Viximo thrives on reliable services: internally and externally. Downtime, even if caused by a 3rd-party, means fewer customers and real costs - not just for us, but for all of our partners. It's for that very reason we've invested a little blood, sweat, and tears into automated monitoring for the partner systems that we rely on.
Back in the old days...
It's hard to believe it was a little over a year ago when we first automated monitoring of the 3rd-party games that run on our platform. At the time, we were still fairly inefficient at detecting outages. If a partner happened to detect an outage it was typically long after it had already started, leaving many users with a cryptic error page. If users created support tickets about the outage, the lack of a dedicated customer support engineer meant we were often backlogged several days. If no employees at Viximo or its partners played the game on any given day, it was possible no one would realize it was down.
The nature of our 3rd-party game integrations makes detecting outages a bit more difficult. Like many apps on Facebook, games are integrated via an iframe on the page. Simple failures such as non-200 status codes are easy to detect, but games can fail in much more subtle ways:
- Failures isolated to certain geographic zones (US, Germany, Spain, etc.)
- Issues encountered only within Flash
- Javascript errors or failure to load certain files on the page
- Intermittent failures due to capacity issues
Without direct insight into the actual application and the servers it's running on, these problems are only magnified.
Getting the job done right...
The tools we now use are insufficient by themselves, but together they can detect the majority of the outages that our partners experience by tackling the problem from various angles.
Monitis is a hosted monitoring solution that we use primarily for its uptime service.
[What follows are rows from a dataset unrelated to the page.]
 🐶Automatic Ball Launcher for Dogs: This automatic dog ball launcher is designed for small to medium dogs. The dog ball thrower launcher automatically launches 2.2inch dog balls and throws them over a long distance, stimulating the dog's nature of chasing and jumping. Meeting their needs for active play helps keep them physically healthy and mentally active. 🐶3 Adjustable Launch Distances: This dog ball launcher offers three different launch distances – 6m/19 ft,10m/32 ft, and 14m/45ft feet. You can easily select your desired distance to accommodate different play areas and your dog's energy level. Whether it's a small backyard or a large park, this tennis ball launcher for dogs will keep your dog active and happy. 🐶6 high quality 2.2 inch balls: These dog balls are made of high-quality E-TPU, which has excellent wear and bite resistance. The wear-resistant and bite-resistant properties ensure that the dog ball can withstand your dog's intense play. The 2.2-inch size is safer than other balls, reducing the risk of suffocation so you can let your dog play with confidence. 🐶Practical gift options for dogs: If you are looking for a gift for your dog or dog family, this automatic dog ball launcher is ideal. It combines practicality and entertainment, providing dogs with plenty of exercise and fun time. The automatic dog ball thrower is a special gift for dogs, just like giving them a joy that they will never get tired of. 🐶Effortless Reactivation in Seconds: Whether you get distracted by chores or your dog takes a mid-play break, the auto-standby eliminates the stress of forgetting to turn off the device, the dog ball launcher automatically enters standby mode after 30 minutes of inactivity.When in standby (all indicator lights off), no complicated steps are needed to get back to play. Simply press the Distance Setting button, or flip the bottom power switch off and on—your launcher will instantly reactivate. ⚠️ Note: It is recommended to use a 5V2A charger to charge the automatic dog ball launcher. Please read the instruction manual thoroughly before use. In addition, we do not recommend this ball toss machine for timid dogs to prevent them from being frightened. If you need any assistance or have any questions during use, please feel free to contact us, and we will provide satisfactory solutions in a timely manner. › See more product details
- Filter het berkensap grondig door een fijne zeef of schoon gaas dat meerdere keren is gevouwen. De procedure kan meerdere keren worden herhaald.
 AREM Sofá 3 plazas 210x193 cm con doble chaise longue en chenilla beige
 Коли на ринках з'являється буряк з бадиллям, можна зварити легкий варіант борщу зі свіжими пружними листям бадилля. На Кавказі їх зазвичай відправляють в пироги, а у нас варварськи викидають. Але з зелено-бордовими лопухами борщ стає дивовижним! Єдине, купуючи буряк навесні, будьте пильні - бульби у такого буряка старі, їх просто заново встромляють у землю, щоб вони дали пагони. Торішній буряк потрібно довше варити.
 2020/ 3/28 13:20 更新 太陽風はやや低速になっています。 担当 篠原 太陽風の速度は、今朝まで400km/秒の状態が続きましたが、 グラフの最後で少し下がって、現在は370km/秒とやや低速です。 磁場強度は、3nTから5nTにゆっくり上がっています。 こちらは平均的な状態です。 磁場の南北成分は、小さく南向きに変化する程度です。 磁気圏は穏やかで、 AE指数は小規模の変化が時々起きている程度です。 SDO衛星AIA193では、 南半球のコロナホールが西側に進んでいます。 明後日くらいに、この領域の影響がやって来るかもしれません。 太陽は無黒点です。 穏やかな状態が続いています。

It offers geographic locations that map well to Viximo's social network integrations and provides a suite of advanced notifications / callback hooks.
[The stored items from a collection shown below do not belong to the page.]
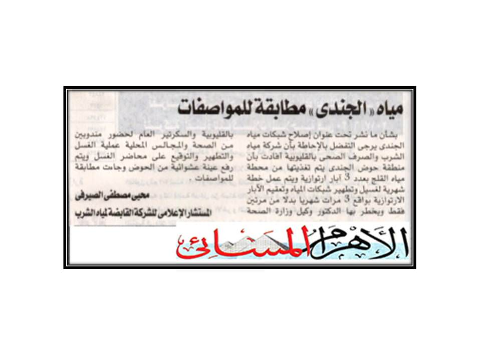 مياه الجيزة … قطع المياه لمدة ٦ ساعات عن بشتيل لعبة مساء الجمعة
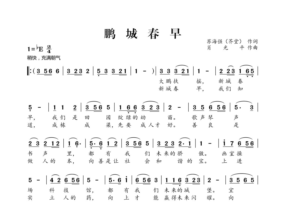《鹏程春早》,拍号为2/4拍,这份简谱共有一张高清图谱,图谱由 @桃李醉春风 编配上传。
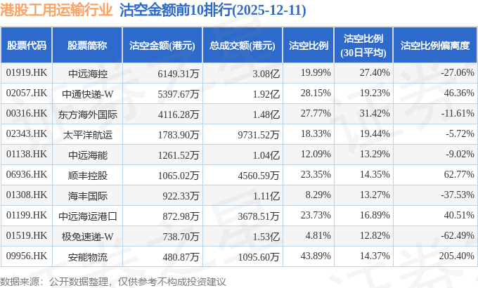 从沽空金额来看,中远海控、中通快递-W、东方海外国际沽空金额位居行业前三,分别为6149.31万港元、5397.67万港元、4116.28万港元。
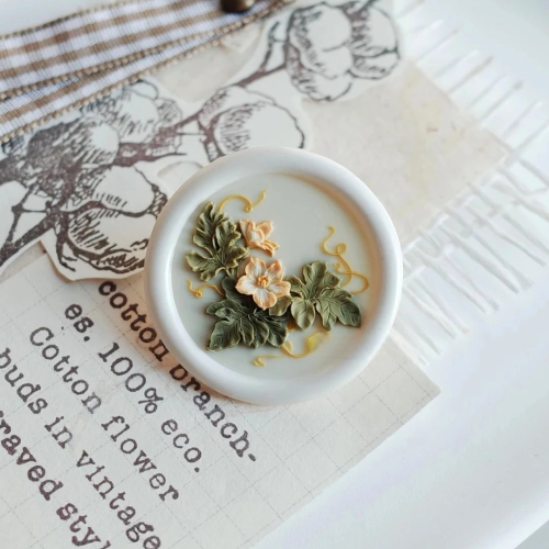 Discover the exquisite Botanical Whispers Collection, a set of five wax seal stamps and coordinating rubber stamp designed to bring antique elegance to your modern correspondence and crafting.
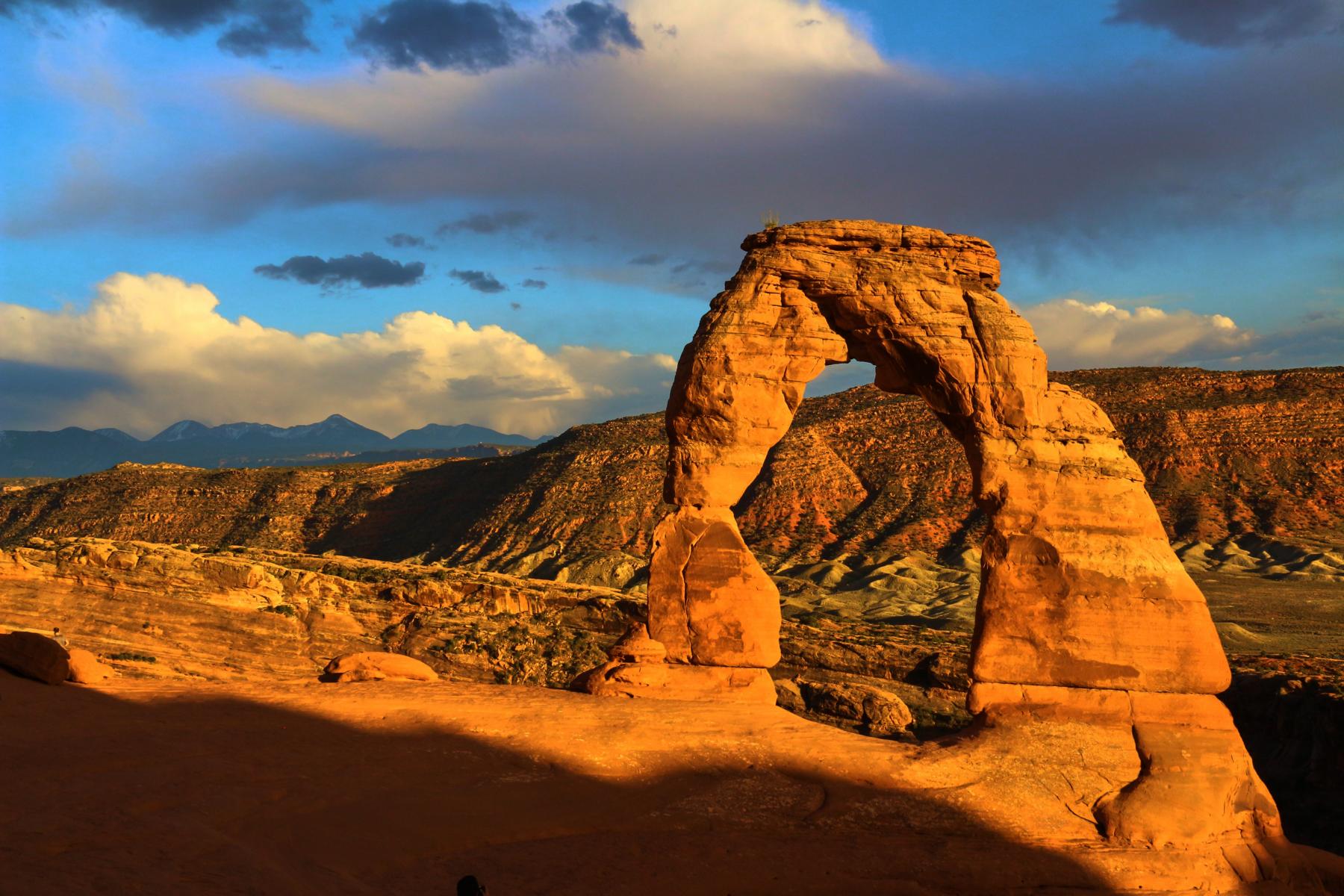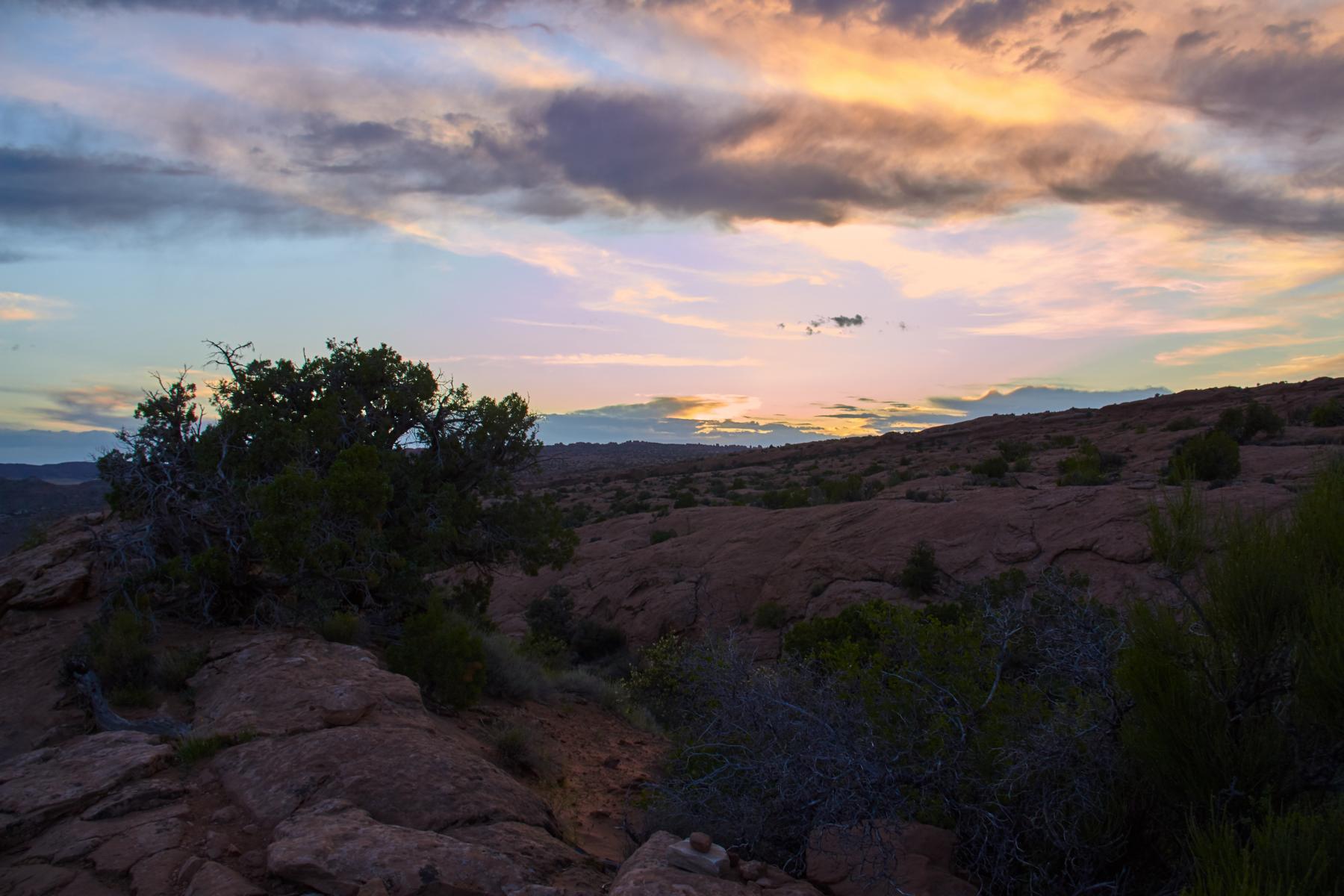 Hier oben hat man eine geniale Weitsicht auf den Arches National Park und die La Sal Mountains, die können wir aber momentan wirklich nicht genießen. Zum einen weht plötzlich ein eisiger Wind und zum anderen... WAS ZUR HÖLLE IST DA AM HIMMEL LOS?!?! Im nachhinein faszinierende Bilder, vor Ort... Uncool. Sehr uncool!

Airbrake collects errors generated within our application. This also allows us to track javascript errors generated on the browser, particularly within partner pages.
Zendesk is a customer support management application we use to track data about support issues. Zendesk has a great API and management interface that makes it easy to analyze and categorize the various issues per game.
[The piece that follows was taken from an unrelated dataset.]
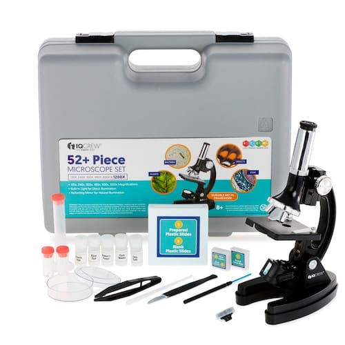 AmScope - Kit de microscópio infantil M30-ABS-KT2, armação de metal, 120X, 240X, 300X, 480X, 600X e ampliações de 1200X, 2 oculares e 49 acessórios e estojo - O microscópio composto para iniciantes oferece alta ampliação para aplicações educacionais - Cabeça de visualização monocular com iluminação LED e espelho e roda de filtro de cor embutida - A torre rotativa voltada para frente oferece ampliação de 300x, 600x e 1200x - O foco coaxial grosso tem um mecanismo de foco de cremalheira e pinhão em uma estrutura de metal preto durável e resistente a manchas - Vem com kit de acessórios de 49 peças e estojo plástico ABS rígido

Nagios is a system monitoring application that is used, in this case, to monitor application and user behavior through Updawg. Viximo also uses Nagios for other internal systems monitoring.
Using the above tools, we've defined a series of triggers and notification channels that can quickly alert us to issues so that they can be resolved promptly. The first set of triggers below will automatically mark a game as down and place it in maintenance mode. To prevent blips and false alarms from taking apps down too often, these triggers must fail a certain number of times consecutively from a subset of our 5 geographic locations around the world.
- HTTP status code - Any 2xx status code is considered success; all other codes are considered a failure. For the most part, this trigger catches most outages since the web server will typically return a 500 status code when down.
- Content matching - Any response that does not include a particular set of content specific to that game is considered a failure. This catches instances where the game is returning a 2xx HTTP status code even though it failed to process.
- Timeout - If the url takes more than 10 seconds to process, the game is marked as down. Disabling apps as a result of a timeout can help ensure that the game-playing experience is tolerable for active players. This way other players can get funneled to other games while the performance gets investigated.
The remaining triggers use the available notification channels to alert folks at Viximo when they're failing. This gives us the ability to manually test the game and validate that it is in fact down prior to actually marking it as such in our system.
- User activity - Visits, transactions, and revenue are compared to historical averages. If any value deviates too far from the average, an alert is generated.
- Customer support rate - If the rate of customer support issues for a game deviates too far from the historical average, an alert is generated. While this data is available for automated monitoring, this is still a manual process that our customer support engineer performs.
- Error rate - If the total count for a particular type of error exceeds a certain predetermined threshold, an alert is generated. Again, while this data is available for automated monitoring, this is still a manual process the our engineers must perform.
Communication and recovery...
Once one of the above triggers is activated, a variety of communication channels are available to alert a targeted set of people at Viximo. The type of channel used depends on the severity of the trigger. They include:
- SMS - This isused for the most reliable triggers, such as those that automatically mark a game as down. Typically the integration manager is notified of these events.
- E-mail - All triggers that are activated will send an e-mail to a mailing list at Viximo that includes folks from the integration, engineering, and product teams. This ensures that those with knowledge of the game can address any issues should they come up.
In addition to the above two channels, there are also additional communication channels for users on the Viximo network:
- Maintenance page - When a game is marked as down within the Viximo system, a maintenance page is automatically displayed in place of the game. This includes a friendly error message and points users to other games that can be played.
- Announcement - Administrators have the ability to create announcement popups that will be displayed to any user attempting to play a Viximo game. This also allows us to quickly alert users when there are problems in a game that we're investigating.
Once a game outage has been validated, the partner is typically contacted via e-mail and phone so that they are aware of the issue. An integration engineer is made available in cases where logs and error data are needed to help explain what's occurring.
Moving forward...
Like most software development, monitoring is an ongoing process that can be constantly tweaked and improved to more accurately and quickly detect and resolve outages. There are still some triggers that we could automate, such as the detection of increases in customer support requests and application errors. As well, we could begin to take advantage of Monitis's full-page website monitoring tools that allow every link on the game's page to be validated instead of just the main page itself.
While we strive to make content available to our users as reliable as possible, there are always going to be unexpected outages. The best thing we can do is to make that experience as painless as possible for both our users and our partners. By having automated monitoring in place for our partners, this has put us on the right path towards that goal. ...